Source information:

^^^^^^^^

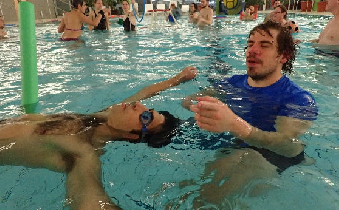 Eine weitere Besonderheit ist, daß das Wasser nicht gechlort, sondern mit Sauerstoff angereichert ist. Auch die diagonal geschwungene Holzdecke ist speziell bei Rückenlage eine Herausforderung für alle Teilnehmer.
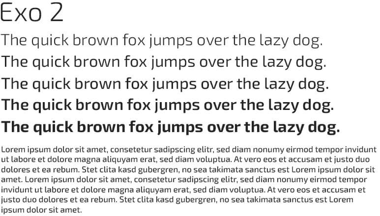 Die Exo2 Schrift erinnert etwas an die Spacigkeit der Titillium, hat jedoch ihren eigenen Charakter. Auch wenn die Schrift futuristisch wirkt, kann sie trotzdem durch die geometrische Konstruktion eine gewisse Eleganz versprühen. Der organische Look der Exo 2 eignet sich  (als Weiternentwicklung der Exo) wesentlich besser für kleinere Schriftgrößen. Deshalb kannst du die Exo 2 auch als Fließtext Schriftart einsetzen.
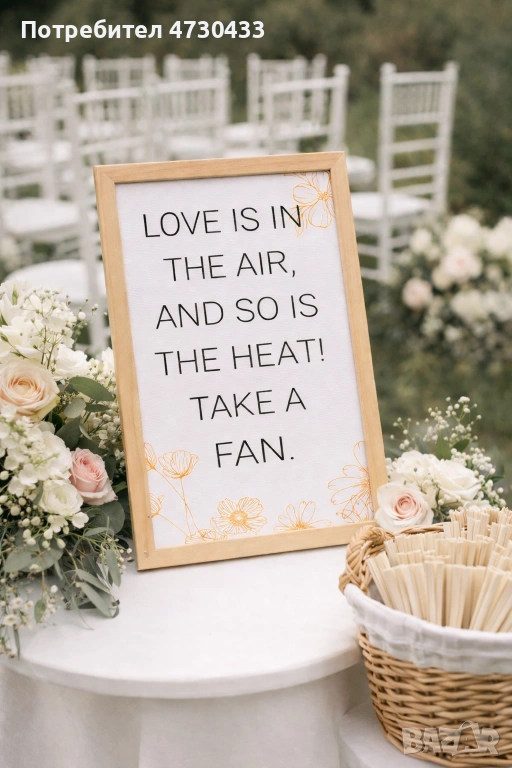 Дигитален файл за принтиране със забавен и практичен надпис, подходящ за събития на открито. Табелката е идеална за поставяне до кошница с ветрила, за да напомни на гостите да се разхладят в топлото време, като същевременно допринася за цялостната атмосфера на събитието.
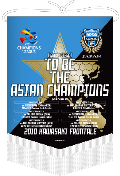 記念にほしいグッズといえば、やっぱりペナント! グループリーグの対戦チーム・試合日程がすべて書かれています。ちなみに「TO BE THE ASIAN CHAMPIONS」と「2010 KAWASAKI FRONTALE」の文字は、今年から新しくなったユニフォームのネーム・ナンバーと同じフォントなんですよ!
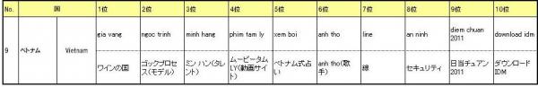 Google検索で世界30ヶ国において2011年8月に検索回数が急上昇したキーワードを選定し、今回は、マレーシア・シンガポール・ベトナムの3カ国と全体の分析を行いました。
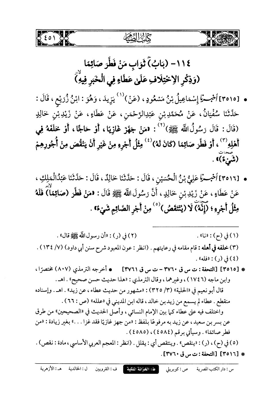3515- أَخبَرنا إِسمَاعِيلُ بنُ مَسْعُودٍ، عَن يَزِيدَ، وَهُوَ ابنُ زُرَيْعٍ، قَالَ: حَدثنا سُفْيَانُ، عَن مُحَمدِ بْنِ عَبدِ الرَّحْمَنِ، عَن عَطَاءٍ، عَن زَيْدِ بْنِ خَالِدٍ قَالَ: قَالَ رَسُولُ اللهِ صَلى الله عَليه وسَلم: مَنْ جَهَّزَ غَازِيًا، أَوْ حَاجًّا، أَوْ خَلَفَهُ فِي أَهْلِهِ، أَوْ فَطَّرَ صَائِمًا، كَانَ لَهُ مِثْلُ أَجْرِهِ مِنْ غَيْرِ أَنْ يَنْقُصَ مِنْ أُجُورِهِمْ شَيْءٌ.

^^^^^^^^

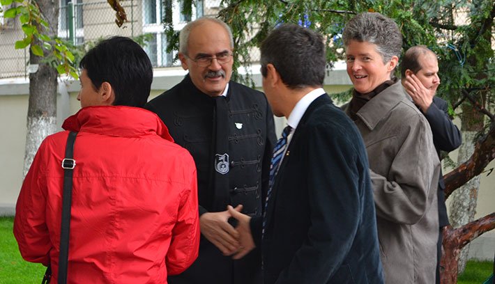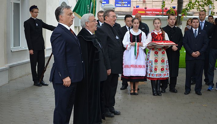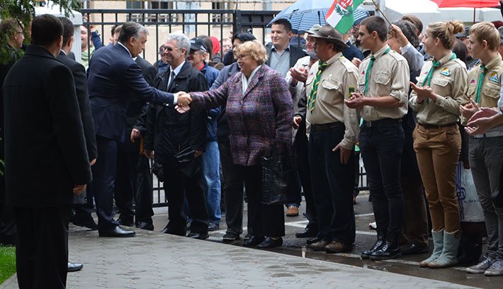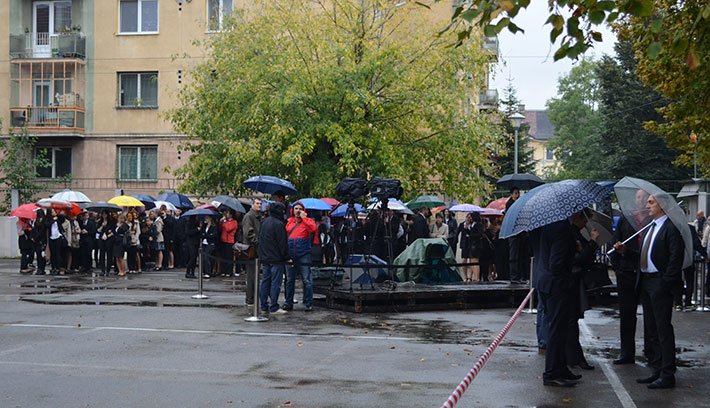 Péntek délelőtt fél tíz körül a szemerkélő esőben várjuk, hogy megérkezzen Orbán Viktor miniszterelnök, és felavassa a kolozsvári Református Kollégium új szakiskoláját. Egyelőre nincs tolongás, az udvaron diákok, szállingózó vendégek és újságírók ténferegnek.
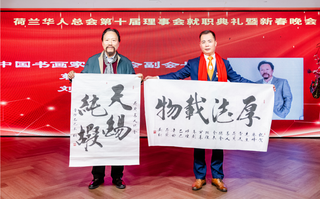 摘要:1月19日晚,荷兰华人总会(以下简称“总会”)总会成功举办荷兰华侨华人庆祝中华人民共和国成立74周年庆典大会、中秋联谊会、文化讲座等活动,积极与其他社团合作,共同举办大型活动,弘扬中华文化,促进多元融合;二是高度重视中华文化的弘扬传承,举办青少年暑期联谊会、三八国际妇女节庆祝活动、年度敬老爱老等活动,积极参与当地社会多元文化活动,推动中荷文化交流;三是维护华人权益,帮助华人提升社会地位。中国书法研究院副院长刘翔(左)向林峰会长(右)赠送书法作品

^^^^^^^^

Activity:
In the listing above, find the line with "Eine weitere Besonderheit" and output every line through the one with "3515- أَخبَرنا إِسمَاعِيلُ", exactly, without the pictures.

Solution:
 Eine weitere Besonderheit ist, daß das Wasser nicht gechlort, sondern mit Sauerstoff angereichert ist. Auch die diagonal geschwungene Holzdecke ist speziell bei Rückenlage eine Herausforderung für alle Teilnehmer.
 Die Exo2 Schrift erinnert etwas an die Spacigkeit der Titillium, hat jedoch ihren eigenen Charakter. Auch wenn die Schrift futuristisch wirkt, kann sie trotzdem durch die geometrische Konstruktion eine gewisse Eleganz versprühen. Der organische Look der Exo 2 eignet sich  (als Weiternentwicklung der Exo) wesentlich besser für kleinere Schriftgrößen. Deshalb kannst du die Exo 2 auch als Fließtext Schriftart einsetzen.
 Дигитален файл за принтиране със забавен и практичен надпис, подходящ за събития на открито. Табелката е идеална за поставяне до кошница с ветрила, за да напомни на гостите да се разхладят в топлото време, като същевременно допринася за цялостната атмосфера на събитието.
 記念にほしいグッズといえば、やっぱりペナント! グループリーグの対戦チーム・試合日程がすべて書かれています。ちなみに「TO BE THE ASIAN CHAMPIONS」と「2010 KAWASAKI FRONTALE」の文字は、今年から新しくなったユニフォームのネーム・ナンバーと同じフォントなんですよ!
 Google検索で世界30ヶ国において2011年8月に検索回数が急上昇したキーワードを選定し、今回は、マレーシア・シンガポール・ベトナムの3カ国と全体の分析を行いました。
3515- أَخبَرنا إِسمَاعِيلُ بنُ مَسْعُودٍ، عَن يَزِيدَ، وَهُوَ ابنُ زُرَيْعٍ، قَالَ: حَدثنا سُفْيَانُ، عَن مُحَمدِ بْنِ عَبدِ الرَّحْمَنِ، عَن عَطَاءٍ، عَن زَيْدِ بْنِ خَالِدٍ قَالَ: قَالَ رَسُولُ اللهِ صَلى الله عَليه وسَلم: مَنْ جَهَّزَ غَازِيًا، أَوْ حَاجًّا، أَوْ خَلَفَهُ فِي أَهْلِهِ، أَوْ فَطَّرَ صَائِمًا، كَانَ لَهُ مِثْلُ أَجْرِهِ مِنْ غَيْرِ أَنْ يَنْقُصَ مِنْ أُجُورِهِمْ شَيْءٌ.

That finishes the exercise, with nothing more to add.